» Recorded information
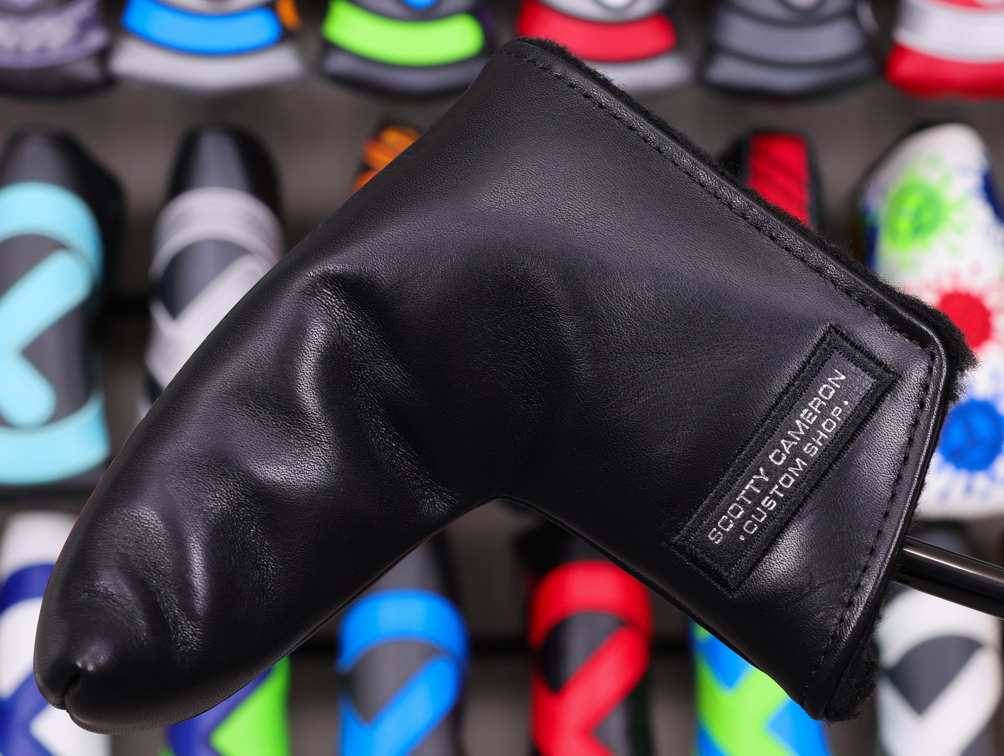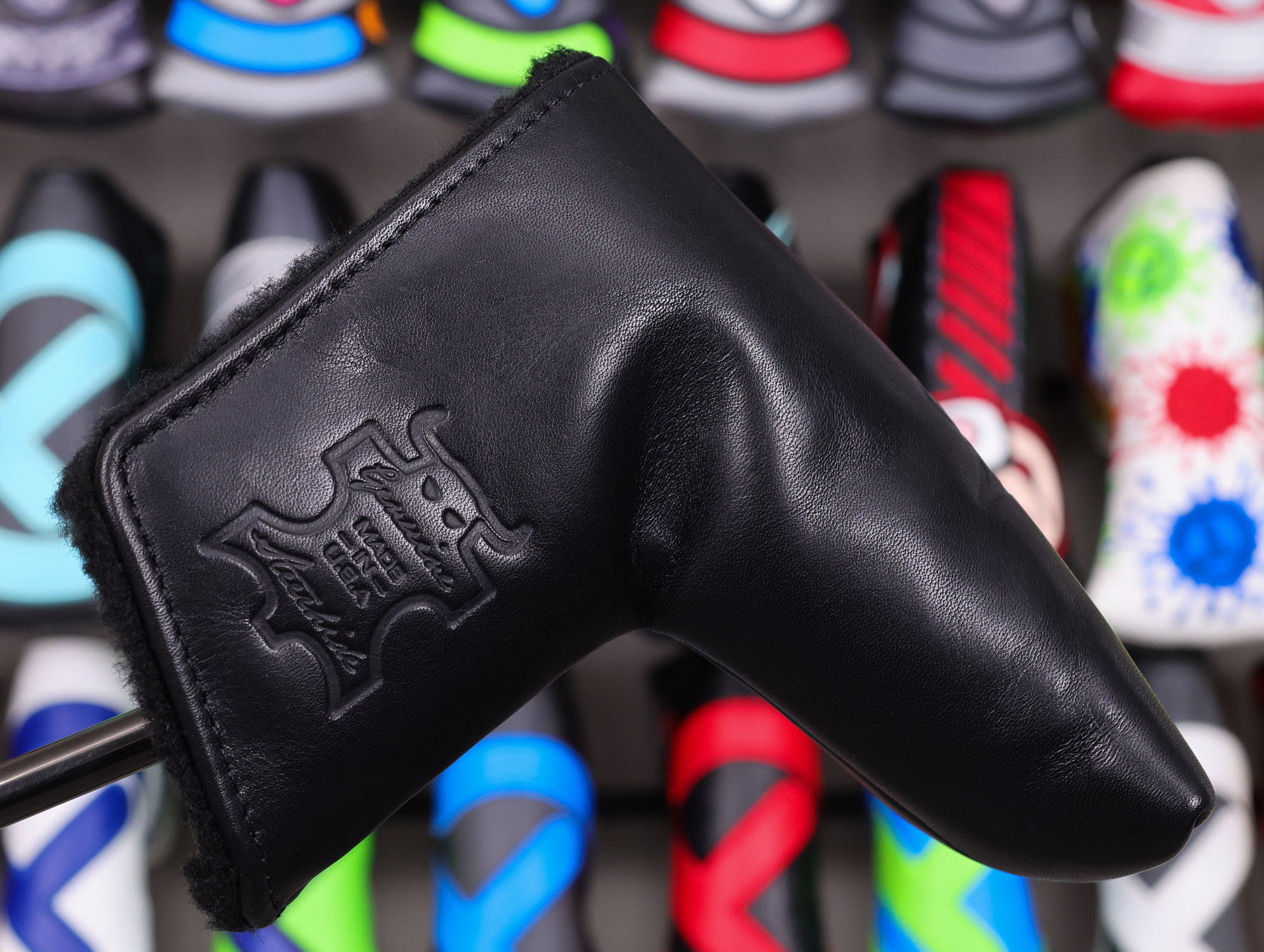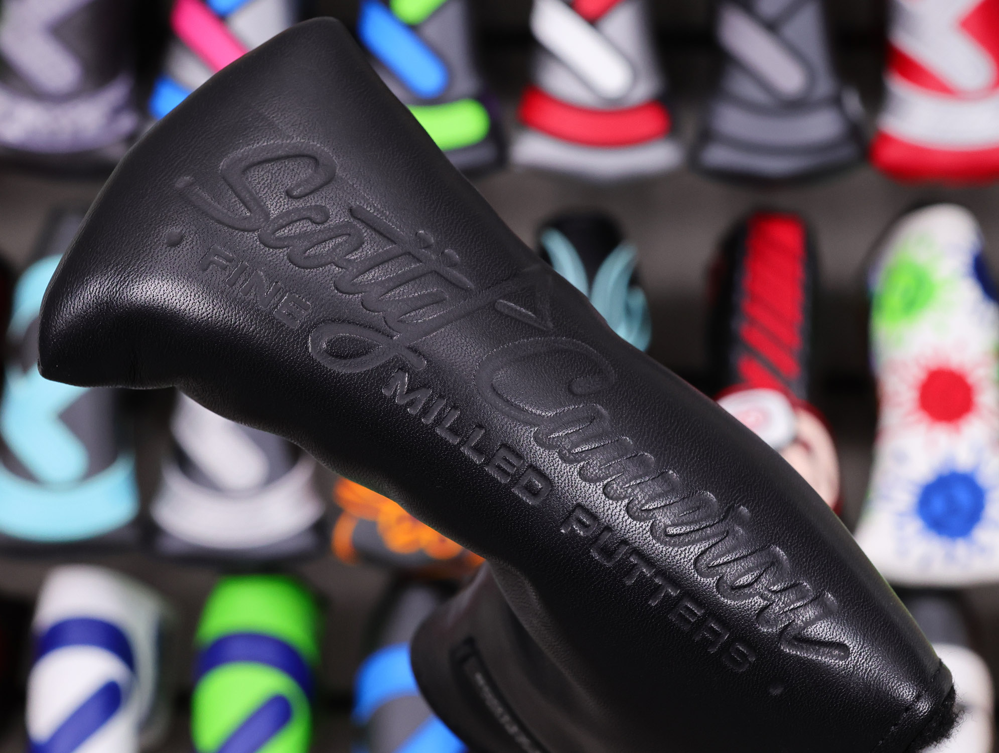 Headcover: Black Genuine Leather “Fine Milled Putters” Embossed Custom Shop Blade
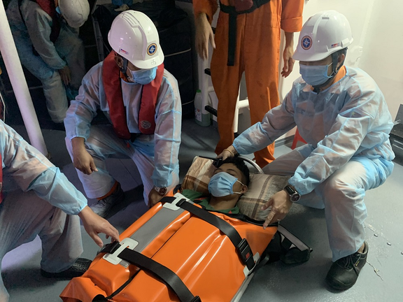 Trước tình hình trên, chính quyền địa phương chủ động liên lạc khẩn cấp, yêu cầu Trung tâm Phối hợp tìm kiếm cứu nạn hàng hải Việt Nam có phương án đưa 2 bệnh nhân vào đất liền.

...

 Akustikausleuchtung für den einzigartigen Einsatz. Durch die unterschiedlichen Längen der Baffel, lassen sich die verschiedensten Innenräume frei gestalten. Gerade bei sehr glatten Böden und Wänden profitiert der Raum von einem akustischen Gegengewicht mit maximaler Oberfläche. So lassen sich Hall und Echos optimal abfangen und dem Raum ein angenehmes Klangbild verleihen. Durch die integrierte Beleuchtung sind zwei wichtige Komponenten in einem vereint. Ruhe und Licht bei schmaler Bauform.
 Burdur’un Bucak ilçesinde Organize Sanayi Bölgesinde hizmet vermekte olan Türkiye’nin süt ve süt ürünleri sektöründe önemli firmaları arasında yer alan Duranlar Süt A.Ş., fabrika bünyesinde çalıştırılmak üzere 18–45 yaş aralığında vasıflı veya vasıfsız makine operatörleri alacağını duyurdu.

» Exercise brief
Reproduce exactly the lines above starting at the line containing "Headcover: Black Genuine" and ending at the line containing "Trước tình hình", including both, but not the pictures.

» Answer to the exercise
 Headcover: Black Genuine Leather “Fine Milled Putters” Embossed Custom Shop Blade
 Trước tình hình trên, chính quyền địa phương chủ động liên lạc khẩn cấp, yêu cầu Trung tâm Phối hợp tìm kiếm cứu nạn hàng hải Việt Nam có phương án đưa 2 bệnh nhân vào đất liền.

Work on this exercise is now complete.